EvalDataLoader (dash_app/db/eval_data_loader.py): Singleton, lru-cached loader. Infers columns from SQLAlchemy models and guarantees consistent DataFrames.
Reusable utils
- utils/chart_helper.py → histograms, boxplots, time-series, radar
- utils/layout_helper.py → common layout scaffolding
- utils/data_helpers.py → data cache & df builders
- utils/ui_helpers.py → tables and small UI bits
Pages
- Raw Data (pages/raw_data.py)
- Score Distribution (pages/score_dist.py)
- Radar Comparison (pages/radar_comp.py)
- System Performance (pages/system_perf.py)
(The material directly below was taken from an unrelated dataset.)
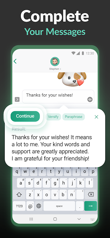 Благодаря нашей клавиатуре с искусственным интеллектом навигация по сложным сценариям общения не станет проблемой. Помощник предлагает альтернативные варианты написания для эффективной передачи вашего сообщения. Наш ИИ-писатель сообщений придет вам на помощь, если вам нужно извиниться, попросить о помощи, что-то уточнить и так далее. С помощью этой клавиатуры с искусственным интеллектом вы сможете выражать свои мысли более четко и уверенно.
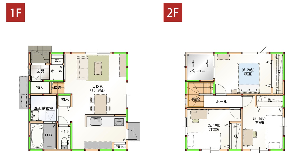 - ・1階15.2LDK・2階6.2洋、5.1洋、5.1洋

The app uses component-local dcc.Store caches and the shared EvalDataLoader for snappy UX even with large tables.

🧪 Example: End-to-End

# 1) Setup (first time only)
cp .env.example .env
uv sync

# 2) Start Redis
brew services start redis  # macOS
# OR: sudo systemctl start redis  # Linux

# 3) Start Neuro-san AI server (in terminal 1)
python run.py

# 4) Start Celery workers (in separate terminals)
# Terminal 2: Input processing worker
celery -A deploy.tasks_inputs worker --loglevel=INFO --concurrency=6

# Terminal 3: Evaluation worker
celery -A deploy.tasks_eval worker --loglevel=INFO --concurrency=10

# 5) Enqueue tasks (in another terminal)
python deploy/enqueue_input_tasks.py --input-source samples/f1_sample.csv
python deploy/enqueue_eval_tasks.py --override

# 6) Launch the Dash visualization app
python dash_app/app.py

🧰 Packaging & Dev

Managed with uv via pyproject.toml

Install dev dependencies:

uv sync --group dev

# Run code quality tools
black .
pylint f1-fans-eval
pytest

Install optional UI dependencies:
```
uv sync --group ui
```

Key runtime deps:

celery, redis, sqlalchemy, pandas, dash, dash-bootstrap-components, neuro-san

Optional UI deps:

nsflow, uvicorn

📝 Notes & Tips

Neuro-san Agents All evaluation logic is defined in registries/*.hocon files. You can customize rubrics, models, and scoring criteria without touching Python code. See 🛠️ Customizing AI Agents section above.
SQLite vs Postgres SQLite is great for local/dev. For scale, set Postgres env vars in .env. The code auto-builds DB URLs.
Safety & Retries Workers include retry policies. Evaluation calls use MAX_RETRIES, RETRY_DELAY, and a semaphore to protect AI servers from overload.
Multi-Agent Architecture Each evaluation dimension (knowledge, enthusiasm, humor) has its own specialized Neuro-san agent. The process_eval.py orchestrator calls all three agents and aggregates their scores.
Dash Performance DataTables use virtualization and EvalDataLoader caches to scale. No fixed row limits.